Hydraulic crane
Abstract
A hydraulic crane comprising: —a rotatable column (7); —a crane boom system (10) comprising two or more liftable and lowerable crane booms (11, 13); and —an electronic control device (25), which is configured to prevent an execution of crane boom movements that would make the lifting moment of the crane exceed the maximum allowed lifting moment of the crane, and to continuously establish position information as to the prevailing position of the load suspension point (P) of the crane boom system. When the lifting moment of the crane has reached a limit value at a given level below the maximum allowed lifting moment, the electronic control device is configured to prevent the execution of any combination of crane boom movements that would increase the horizontal distance between the load suspension point and said vertical axis of rotation and at the same time allow the execution of any combination of crane boom movements that keeps said horizontal distance unchanged or reduces said horizontal distance.
Claims
exact text as granted — not AI-modifiedThe invention claimed is:
1. A hydraulic crane comprising:
a crane base ( 6 );
a column ( 7 ) rotatably mounted to the crane base ( 6 ) to be rotatable in relation to the crane base about an essentially vertical axis of rotation (A 1 );
a crane boom system ( 10 ) comprising two or more liftable and lowerable crane booms ( 11 , 13 ) articulately connected to each other, including at least a first crane boom ( 11 ) which is articulately connected to the column ( 7 ) and a second crane boom ( 13 ) telescopically extensible to enable an adjustment of the extension length thereof;
an electronic control device ( 25 ) configured to prevent an execution of crane boom movements that would make a lifting moment of the crane exceed a lifting moment maximum value (Mmax) representing a maximum allowed value for the lifting moment of the crane; and
sensors ( 41 , 42 , 43 , 44 ) connected to the electronic control device ( 25 ) and configured to establish values of variables (α, β, L, θ) related to a prevailing position of the crane booms ( 11 , 13 ) of the crane boom system ( 10 ), wherein the electronic control device ( 25 ) is configured to establish position information to a prevailing position of a load suspension point (P) of the crane boom system ( 10 ) in relation to said vertical axis of rotation (A 1 ) based on the values of these variables (α, β, L, θ), wherein
the electronic control device ( 25 ), when the lifting moment of the crane ( 1 ) has reached a limit value (Mlimit) at a given level below the lifting moment maximum value (Mmax), is configured to prevent the execution of any combination of crane boom movements that would increase the horizontal distance (r) between the load suspension point (P) and said vertical axis of rotation (A 1 ) and, at the same time, allow the execution of any combination of crane boom movements that keeps the horizontal distance (r) between the load suspension point (P) and said vertical axis of rotation (A 1 ) unchanged.
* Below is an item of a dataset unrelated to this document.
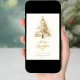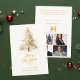 En mjuk beige bakgrund. Dekorerad med ett Julgran täckt i snö. Anpassa och lägg till fyra foton, ditt företag namn och ditt hälsning. God jul är skrivet med ett elegant handskrivet stil-teckensnitt.
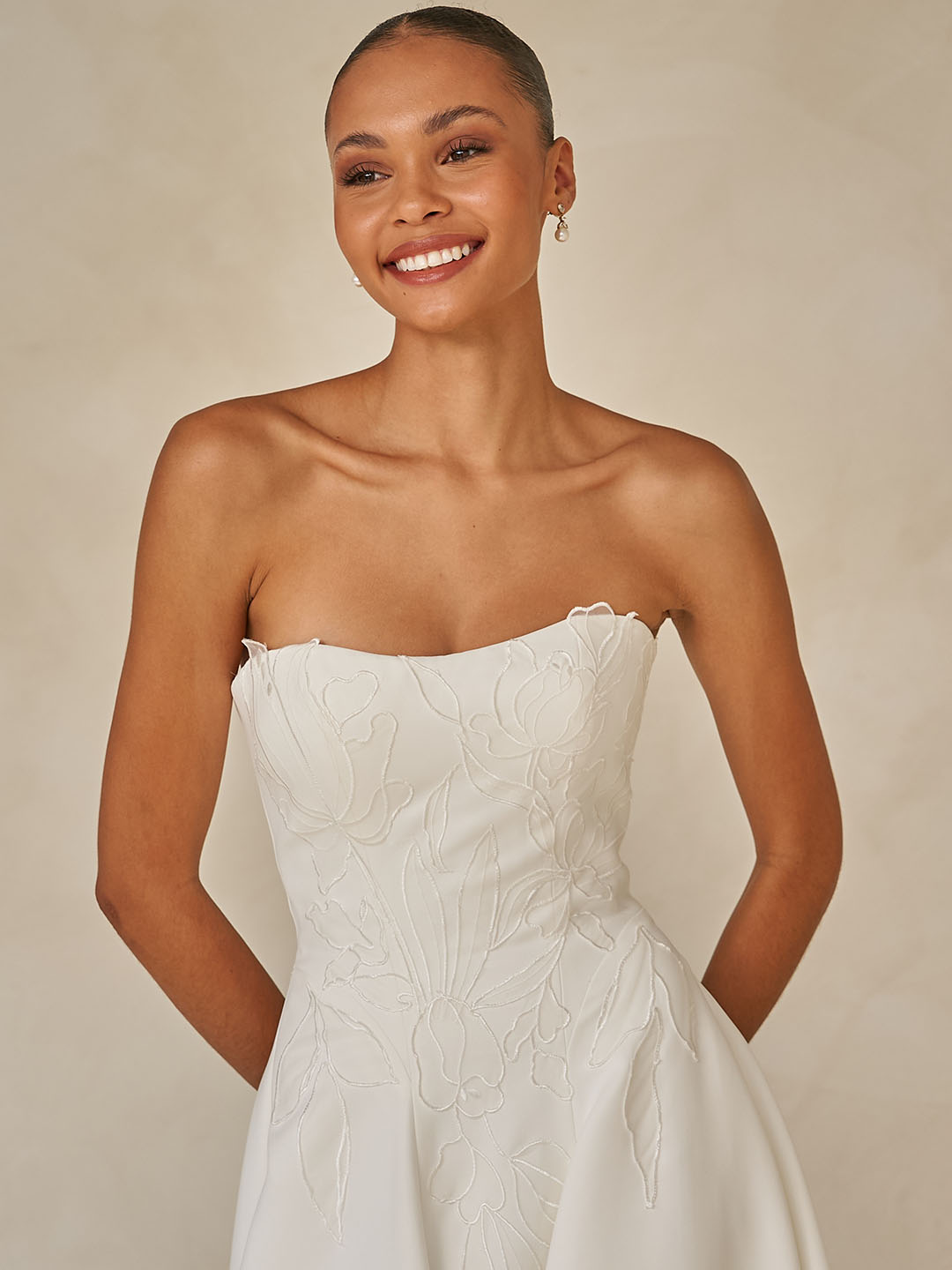 The strapless neckline adds a fresh, feminine touch, perfectly complemented by the detachable tulle neck scarf. A delicate detail that elevates the look while preserving its understated sophistication.

2. A hydraulic crane according to claim 1 , wherein the limit value (Mlimit) corresponds to a predetermined percentage of the lifting moment maximum value (Mmax).
3. A hydraulic crane according to claim 2 , wherein the limit value (Mmax) lies within an interval corresponding to 95-99% of the lifting moment maximum value (Mmax).
4. A hydraulic crane according to claim 3 , wherein the limit value (Mmax) lies within an interval corresponding to 98-99% of the lifting moment maximum value (Mmax).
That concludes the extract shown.